Predictive processing theorizes that the brain predicts events based on prior experiences. Mismatches between the predictions and input lead to prediction errors (PEs). Despite the theory's popularity, our understanding of the role of PEs in visual spatial perception remains limited. Here, we investigated predicted and unpredicted coding of visual locations across the visual hierarchy, utilizing the predictability of the standard population receptive field (pRF) mapping paradigm while sampling BOLD responses at ultra-high field fMRI. Our experiment featured different conditions in which unpredictable stimulus omissions and/or violations (different bar location and orientation) were either embedded in the standard stimulus sequence, or presented separately.

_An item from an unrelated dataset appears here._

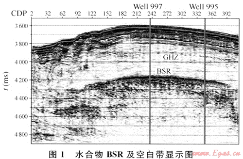 空白反射帶在反射地震剖面上通常與BSR伴生,位于BSR之上。在含天然氣水合物地層中,由于地震波速度增大,使得它與下伏地層之間的反射系數(shù)增大,在地震剖面上,天然氣水合物的底邊界出現(xiàn)相應(yīng)的強反射界面,而在含天然氣水合物的層內(nèi),由于沉積物孔隙被水合物充填膠結(jié),使地層變得均勻,減少波阻抗差,地震反射剖面上通常表現(xiàn)為弱振幅或振幅空白帶(圖1)。
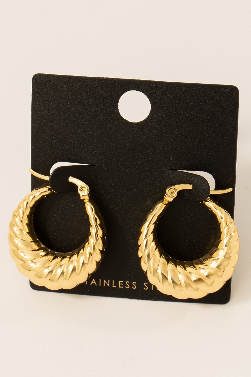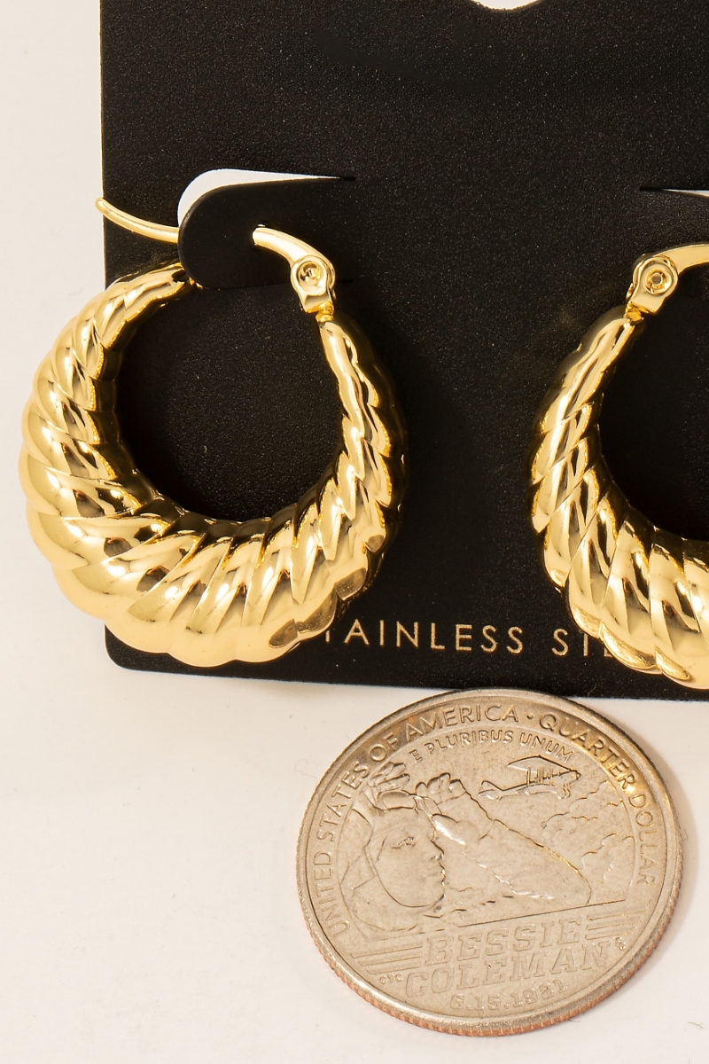 - This pair of hoop earrings introduces a stunning stainless steel croissant style. Witness the transformative power of accessories as this piece effortlessly redefines your fashion narrative.

These conditions serve to produce prediction errors, both of stimulus presence and of stimulus location. For all conditions, we first calculated test-retest reliability of BOLD responses to identical stimulus sequences in different brain regions. We reasoned that if PEs drive BOLD responses, this should increase test-retest reliability across runs relative to a fully predictable stimulus design. We indeed find this pattern of results selectively in higher-level and not lower level visual cortex. Next, we fit a spatial divisive normalisation (DN-pRF) model to the BOLD timecourses in the standard pRF stimulus sequence, and tested whether bold timecourses in conditions with unexpected stimuli follow this model, which is linear in time. This analysis also indicates that PEs drive high-level visual cortex responses more than low-level visual cortex. These findings suggest that prediction error responses in visual cortex follow the evolution of temporal scales of integration, from fast to slow, along the visual hierarchy. This hints at a tight relationship between temporal divisive normalization and predictive processing.

Talk 6, 9:30 am, 51.26

Stimulus representations in neural priority maps are equally enhanced by attention independent of the number of attended locations

Amelia Harrison1 (), Daniel Thayer1, Thomas Sprague1; 1UC Santa Barbara

When spatial attention is distributed across multiple visual field locations, performance in visual tasks is often impaired. This bottleneck is evident in behavioral and neural studies, especially when using complex stimuli, and is echoed in behavioral and neural measurements of visual working memory. Some studies have suggested that this is because distributing attention results in lower attentional enhancement in visual cortex compared to focused attention (e.g., McMains & Somers, 2005), while others support a bottleneck at a post-perceptual decision-making stage (e.g., White et al, 2017; Harrison et al., 2022; Chen & Seidemann, 2012). To characterize how stimulus representations in neural priority maps reflect these constraints and discriminate between these models, we scanned participants with fMRI while they performed a selective attention task in which they were cued on each trial to discriminate a target that appeared at the fixation point, 1 cued location, or 2 cued locations. Using a spatial inverted encoding model, we reconstructed images of priority maps from retinotopic brain regions which contained representations of each stimulus. Comparing map activation between focal attention and fixation conditions replicated the canonical finding that attention to one stimulus caused map activation enhancement at the attended stimulus location. Next, we examined map activation when both stimuli were attended. Strikingly, both stimulus representations were enhanced when attended, with an equivalent increase in map activation as observed with focused attention directed to a single stimulus. This pattern was consistent across retinotopic cortex, with no evidence for graded attentional enhancement in any region. Thus, our results are consistent with a model whereby fMRI signals are enhanced when a stimulus is attended, and the degree of enhancement does not wane as the number of attended stimuli increases. Such a ‘relevance’ marker may be used to identify neural populations for selective readout from relevant locations during decision-making.

Acknowledgements: Research supported by Cooperative Agreement W911NF-19-2-0026 for the Institute for Collaborative Biotechnologies, a University of California, Santa Barbara Academic Senate Research Grant, and an Alfred P Sloan Research Fellowship.